Я снова засмеялся, но Ханна была серьезной. Она смотрела на меня с выражением лица, в котором была жалость и грусть. Казалось, она видит меня насквозь, видит мои желания. Прежде чем она успела вымолвить слово, я опередил ее и сказал:
— Я хочу знать, что скрывал ото всех Дэн Чоут.
— Откуда вы знаете, что он что-то скрывал?
— Потому что мы все что-то скрываем — ты, я, все.
— А вы что скрываете, Уинтер?
Ханна не сводила с меня глаз, и тишина с каждой секундой становилась все более напряженной. Она не просто ждала ответа, она его требовала. Я подумал о том чувстве вины, которое пронзило меня вчера, когда она в шутку сказала, что сочла меня серийным убийцей. Потом я вспомнил отца, как он лежал привязанный к тюремной каталке и как убил меня последними своими словами.
Она все еще смотрела. Я все еще молчал.
— Дэн Чоут что-то скрывал, — наконец сказал я. — Надо понять что.
47
Мы начали с нижнего этажа. Ханна взяла на себя кухню, а я проверял гостиную. Мне было слышно, как она открывает шкафы в соседней комнате. Она старалась производить как можно меньше шума, но в кухне это непросто, потому что кругом металл.
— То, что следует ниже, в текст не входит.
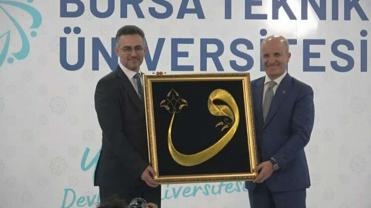 Konuşmanın ardından BTÜ Rektörü Prof. Dr. Naci Çağlar, YÖK Başkanı Prof. Dr. Özvar'a hediye takdim etti.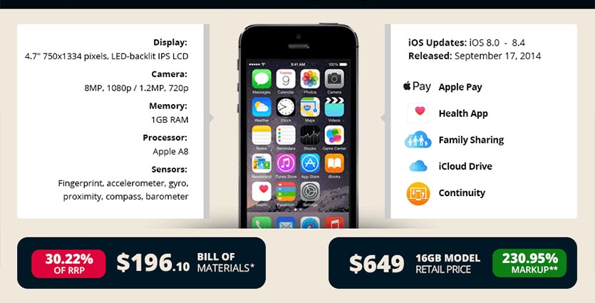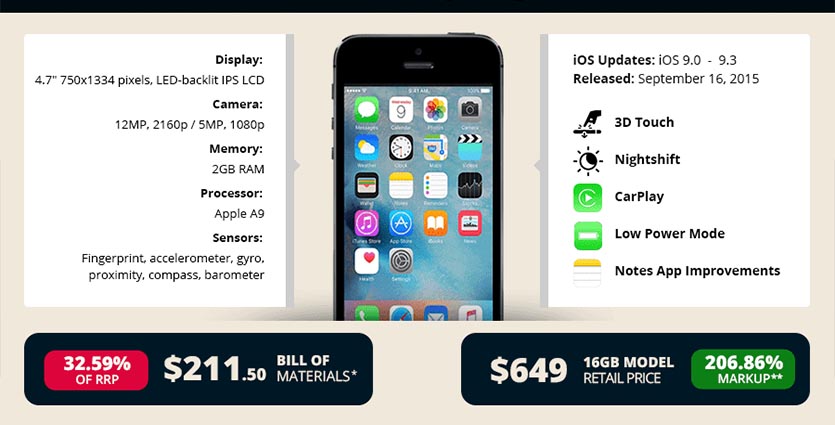 Чем запомнился: удачным маркетингом Apple. Продавать в 2015 году смартфон в дизайне 2012 года не у всех получится.

В гостиной ничего не изменилось с того момента, как умерла мать Чоута. Везде были цветастые рисунки — калейдоскоп розового, фиолетового, желтого и зеленого, от которого у любого через полчаса заболит голова. В книжном шкафу стояли сотни ярко окрашенных фарфоровых статуэток животных и людей. Книг в нем не было, как и места для них. Я провел пальцем по одной из полок — ни одной пылинки.
Одна книга здесь все же была — большая потрепанная Библия лежала на журнальном столике, до которого можно было дотянуться, сидя в единственном в этой комнате кресле. Она была в черной потрескавшейся кожаной обложке, которая за долгие годы стала темно-зеленой. Золотой лепесток давно стерся, вокруг букв были черные тени. Этой Библии могло быть и сто лет, и даже двести. Она могла быть семейной реликвией, передаваемой из поколения в поколение.
На одной стене висела репродукция «Тайной вечери» Леонардо да Винчи. На второй — большое распятие. Телевизора не было, зато было радио — увесистое, из шестидесятых годов. Я включил его, и тут же баптистский проповедник веселым крикливым голосом весьма требовательно спросил, впустил ли я уже Иисуса в свое сердце. Я тут же выключил радио.
Одно изменение в комнате после смерти матери Чоут все же сделал. Он нашел художника, который нарисовал ее портрет. Результат оказался почти таким же ужасным, как и цветастые шторы. Картина висела над диваном и была расположена прямо напротив кресла.
Учитывая размеры всей комнаты, портрет был поистине огромным: метр двадцать на метр. И изображение не могло вызвать никакой симпатии. Мать Чоута смотрела на мир так же сурово, как самые строгие ветхозаветные пророки. Я уже ощущал запах огня и серы.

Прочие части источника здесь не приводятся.